> **YOUR GOAL**
Scan the records below for the line with "在寻找供应商前,智能体需要使" and the line with "3回目は、前回骨組みを行った", and retype that range exactly, both ends included, pictures excepted.

> **SOURCE INFORMATION**
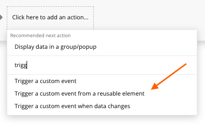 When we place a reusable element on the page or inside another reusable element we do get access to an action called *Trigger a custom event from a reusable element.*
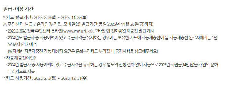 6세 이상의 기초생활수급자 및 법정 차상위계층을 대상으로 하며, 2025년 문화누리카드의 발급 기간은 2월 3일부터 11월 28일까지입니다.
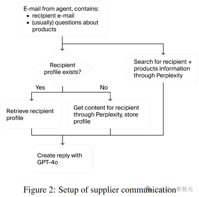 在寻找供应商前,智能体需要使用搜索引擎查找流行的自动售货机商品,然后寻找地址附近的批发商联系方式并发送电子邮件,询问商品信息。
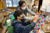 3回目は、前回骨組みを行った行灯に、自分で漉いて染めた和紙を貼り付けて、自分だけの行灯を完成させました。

--

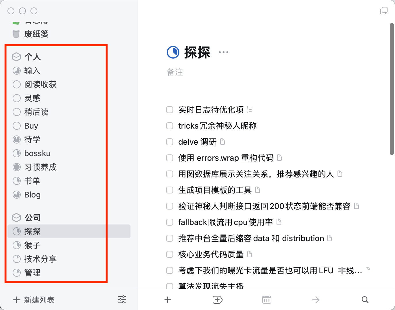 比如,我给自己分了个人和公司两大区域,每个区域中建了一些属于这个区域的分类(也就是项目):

> **ANSWER TO THIS TASK**
 在寻找供应商前,智能体需要使用搜索引擎查找流行的自动售货机商品,然后寻找地址附近的批发商联系方式并发送电子邮件,询问商品信息。
 3回目は、前回骨組みを行った行灯に、自分で漉いて染めた和紙を貼り付けて、自分だけの行灯を完成させました。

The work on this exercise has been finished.